Dolores was well aware of what guaranteed her safety from more vigorous advances on his part. It was her land. He wanted her, but he wanted Torrejoncillo more, before she could marry and perhaps put it forever from his reach. He had a clever method of finally levering it from her, she acknowledged ruefully, as the specter of the debit figures rose before her eyes. But he preferred to treat her most respectfully at the moment so she would entertain no other buyers.

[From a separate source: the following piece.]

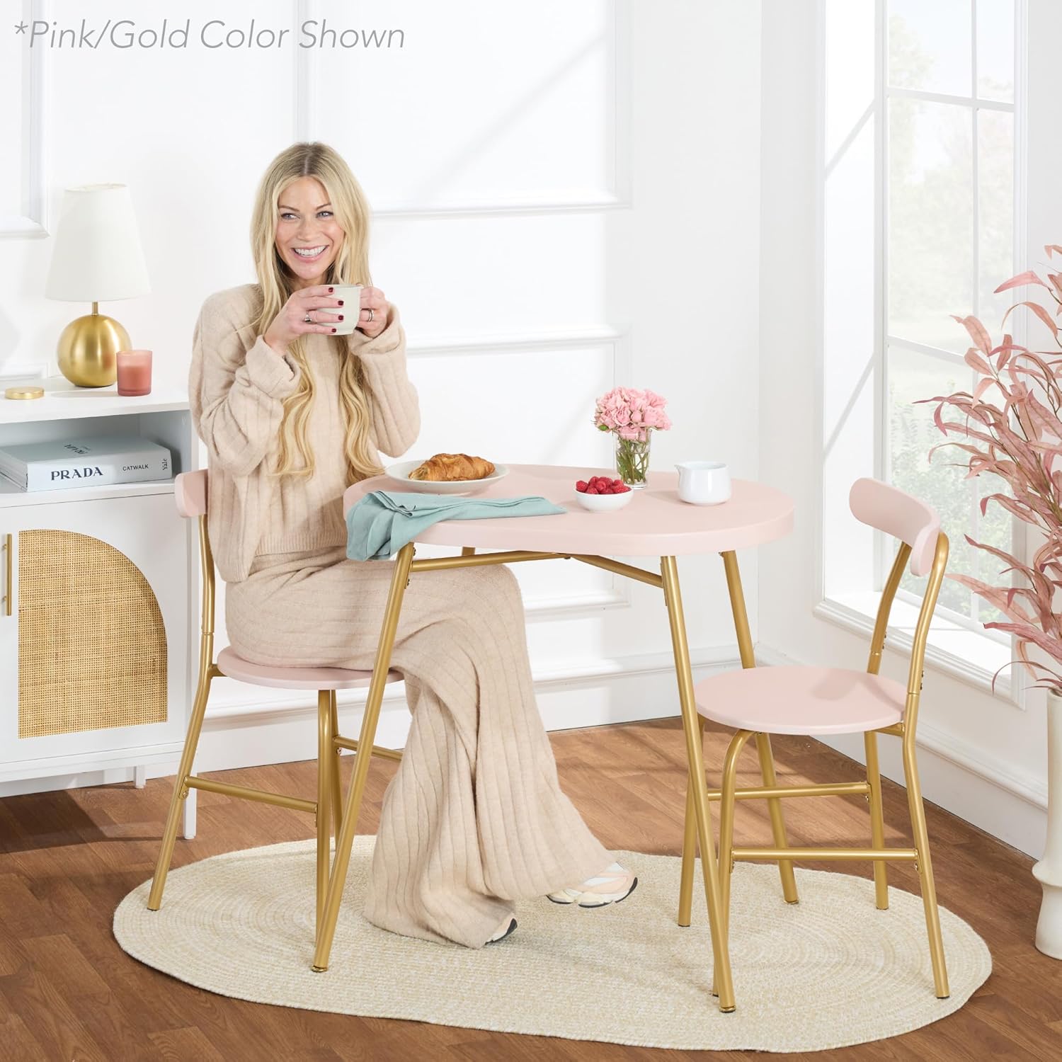 When I welcomed this petite dining set into my home, I was charmed by how effortlessly it blended utility with a whisper of glamour – pink and gold, yes, but expressed with a restraint that feels almost architectural. As I assembled it, each component aligned with a precision that suggested thoughtful engineering rather than mere convenience; the legs met the frame cleanly, the hardware tightened without protest, and the entire structure settled into place with a quiet confidence I always admire in well‑made things. The form is compact yet poised, perfectly suited to smaller spaces where every inch must justify itself, and the curved backrests offer a surprisingly comfortable fit, as though they were shaped with a genuine understanding of the human body. In daily use, the table and chairs feel durable beyond their delicate appearance – stable, balanced, and resistant to the small indignities of life. For its price, the value is undeniable: a functional, accurate, and gracefully proportioned set that brings a touch of beauty to the everyday ritual of dining, without ever insisting upon itself.

Dolores had wanted so much to tell all this to that dimwitted Francisco de Mendoza, to tell him that she was guilty only of greed and not of whorishness, that she had never given herself to the Duke or to anyone but him, anyone. But the lout had refused to hear, he preferred to think ill of her. And his heart was elsewhere. Angrily she pulled away a yellowed leaf from the vine climbing her tiled balcony. To him, His Excellence with the real pedigree, she would never be anything more than a masquerading guttersnipe.
Her mind drifted back to Baza after that wild and painful ride from the Moors. Francho had visited her that same night after the Spanish forces had routed the marauders, striding into her chamber escorted by Pulgar and de la Cueva. She was reclining in her bed upon a great heap of pillows, fussed over by Engracia and some of the Queen's ladies, including Doña Luisa, who immediately commenced coquetting mercilessly with the bashful Pulgar. Francho's intention to keep people between them was hardly necessary that night since her ribs were bound up so tight she could barely breathe and only lying very still eased her, along with the potion she had been given that made her lightheaded. She was pleased, anyhow, to note the troubled concern behind his blue gaze as his eyes swept her buffeted face and the bulk of bindings about her middle, which her smocklike gown did not hide.